Segment Start: Data records

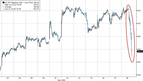 此前市场期待美联储明年继续大幅降息,进一步推动美股上涨,但美联储谨慎态度引发美债收益率飙涨,10年期国债收益率一度涨超4.50%,对股市构成压力。美联储点阵图+经济预期概要发布后,避险情绪急剧升温,美股跳水并收于日低附近,刷新日低时,道指跌近1150点、标普跌逾3%、纳指跌超3.8%、小盘股指跌超5%。特斯拉狂泄超8%,美光科技财报出炉,盘后一度跌超17%:
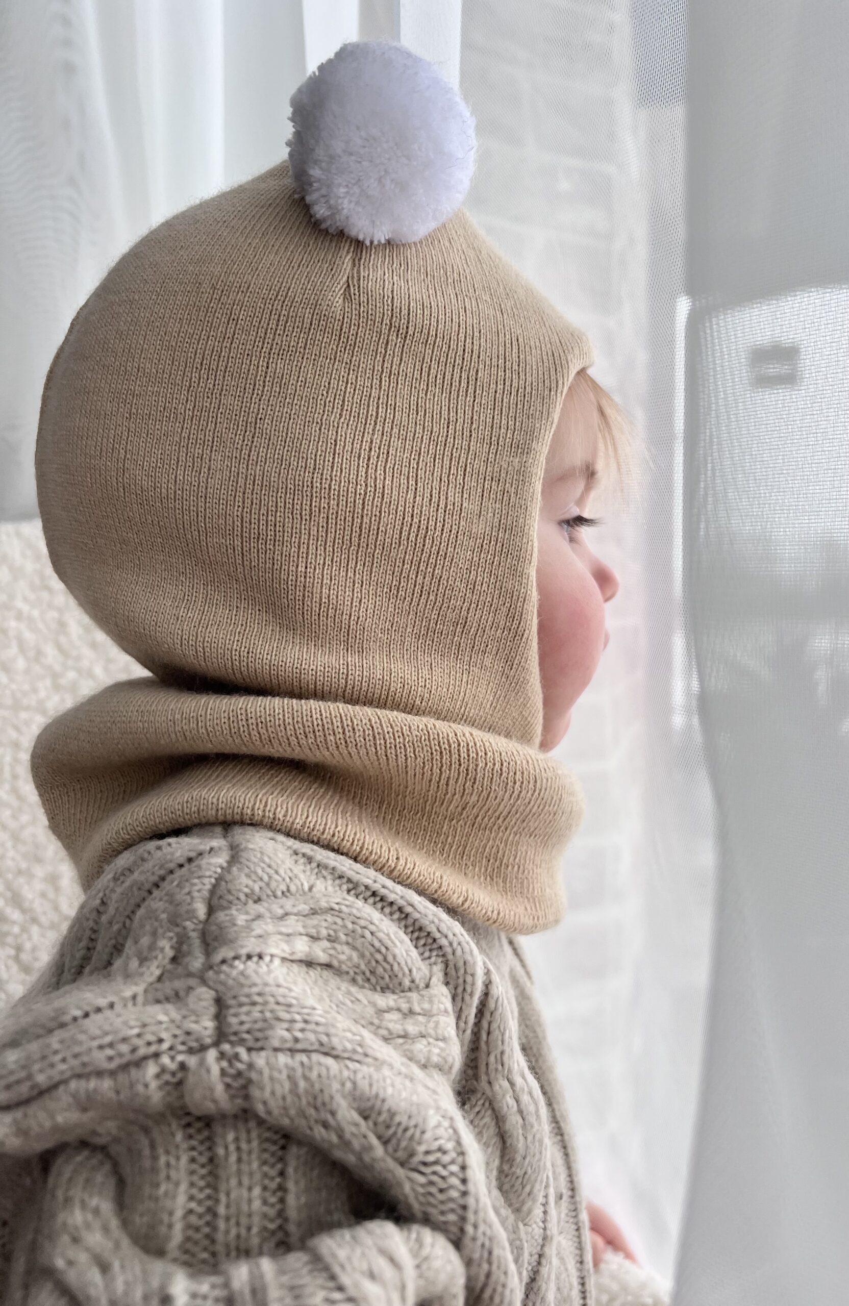 Merino wool children's helmet beige POMPONAS Merino wool children's helmet beige POMPONAS
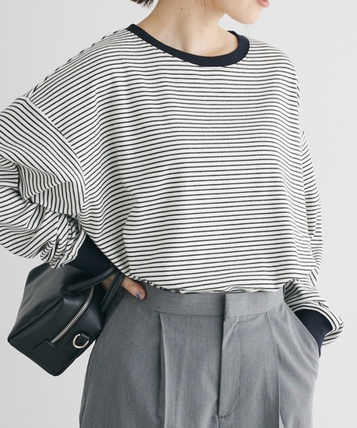 ふんわりとしたマシュマロタッチが心地よいプルオーバー。 コーディネートのアクセントに映える爽やかなマルチボーダー柄もポイント。 ドロップショルダーのゆったりシルエットで、華奢見せ効果も期待できます。 デイリーユースしやすく、カジュアルにも綺麗めにもスタイリングが楽しめる1着です。 透け感[無し] 裏地[無し] 伸縮性[やや有り] 光沢感[無し] 生地の厚さ[普通] 付属品[無し] ポケット[無し] ●製品寸法: F:バスト62cm 着丈70cm 袖丈52cm 肩幅59cm 裾幅61cm 備考:
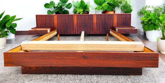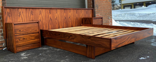 REFINISHED Mid Century Modern Rosewood Bed KING w Floating Nightstands
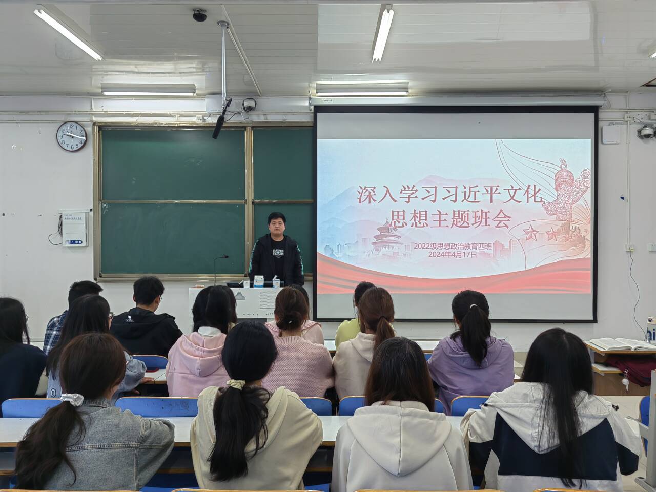 为深入学习贯彻习近平文化思想,引导广大青年学子勇担强国使命,矢志文化报国,4月17日上午,金年会jinnianhuicom2022级思想政治教育四班在社科楼514教室组织召开“深入学习习近平文化思想”主题班会。金年会官网2022级思想政治教育四班全体成员参与本次班会。本次班会由副班长宋奕铭主持。
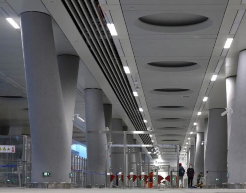 14号线剩余段工程的主要工程量集中在丽泽商务区站。该站位于丽泽商务区核心位置,是整个核心地区的主要交通枢纽,与周边一体化设计,为公共空间的组成部分,具有高大空间体验。站厅站台采用中庭形式,空间灵动连通,换乘厅采用扩大站厅,在市政绿地范围设置采光天窗,结合地面景观引入自然阳光至站台空间,增加人的舒适体验,为整个区域提供丰富的附加增值。
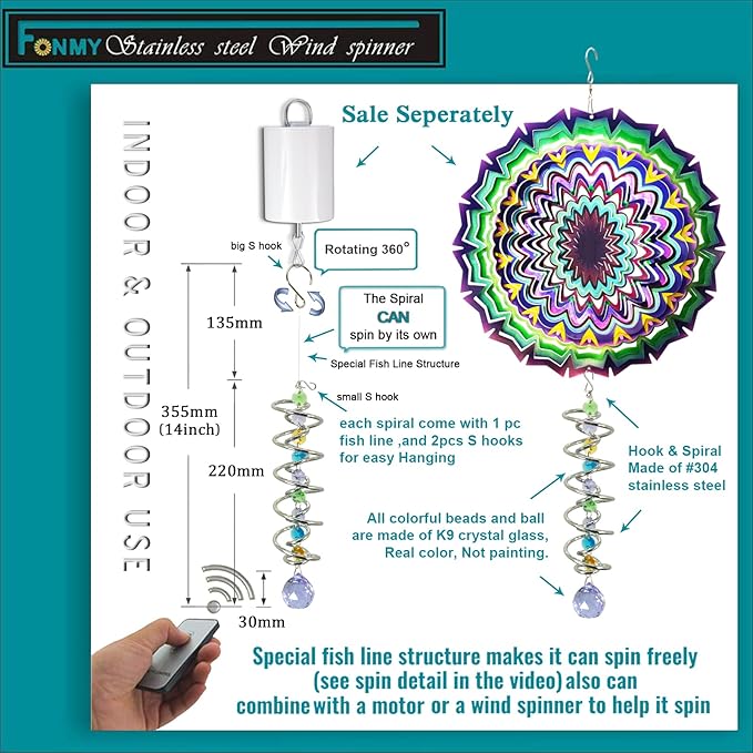 • 【PREMIUM CRYSTAL SUNCATCHER】The spiral with crystal is a special sun catcher rainbow maker, it’s Super Sparkly under sunshine. You can also add a motor(not include) to let the spiral to spin ,while spiral tail rotating (it can’t spin by itself.), the crystal ball seems to move up and down like floating and dancing in air, presents the magical visual illusion.

Segment End: Data records

__What the task requires__. Your answer should be every entry repeated exactly, minus the pictures.

__Reply__.
 此前市场期待美联储明年继续大幅降息,进一步推动美股上涨,但美联储谨慎态度引发美债收益率飙涨,10年期国债收益率一度涨超4.50%,对股市构成压力。美联储点阵图+经济预期概要发布后,避险情绪急剧升温,美股跳水并收于日低附近,刷新日低时,道指跌近1150点、标普跌逾3%、纳指跌超3.8%、小盘股指跌超5%。特斯拉狂泄超8%,美光科技财报出炉,盘后一度跌超17%:
 Merino wool children's helmet beige POMPONAS Merino wool children's helmet beige POMPONAS
 ふんわりとしたマシュマロタッチが心地よいプルオーバー。 コーディネートのアクセントに映える爽やかなマルチボーダー柄もポイント。 ドロップショルダーのゆったりシルエットで、華奢見せ効果も期待できます。 デイリーユースしやすく、カジュアルにも綺麗めにもスタイリングが楽しめる1着です。 透け感[無し] 裏地[無し] 伸縮性[やや有り] 光沢感[無し] 生地の厚さ[普通] 付属品[無し] ポケット[無し] ●製品寸法: F:バスト62cm 着丈70cm 袖丈52cm 肩幅59cm 裾幅61cm 備考:
 REFINISHED Mid Century Modern Rosewood Bed KING w Floating Nightstands
 为深入学习贯彻习近平文化思想,引导广大青年学子勇担强国使命,矢志文化报国,4月17日上午,金年会jinnianhuicom2022级思想政治教育四班在社科楼514教室组织召开“深入学习习近平文化思想”主题班会。金年会官网2022级思想政治教育四班全体成员参与本次班会。本次班会由副班长宋奕铭主持。
 14号线剩余段工程的主要工程量集中在丽泽商务区站。该站位于丽泽商务区核心位置,是整个核心地区的主要交通枢纽,与周边一体化设计,为公共空间的组成部分,具有高大空间体验。站厅站台采用中庭形式,空间灵动连通,换乘厅采用扩大站厅,在市政绿地范围设置采光天窗,结合地面景观引入自然阳光至站台空间,增加人的舒适体验,为整个区域提供丰富的附加增值。
 • 【PREMIUM CRYSTAL SUNCATCHER】The spiral with crystal is a special sun catcher rainbow maker, it’s Super Sparkly under sunshine. You can also add a motor(not include) to let the spiral to spin ,while spiral tail rotating (it can’t spin by itself.), the crystal ball seems to move up and down like floating and dancing in air, presents the magical visual illusion.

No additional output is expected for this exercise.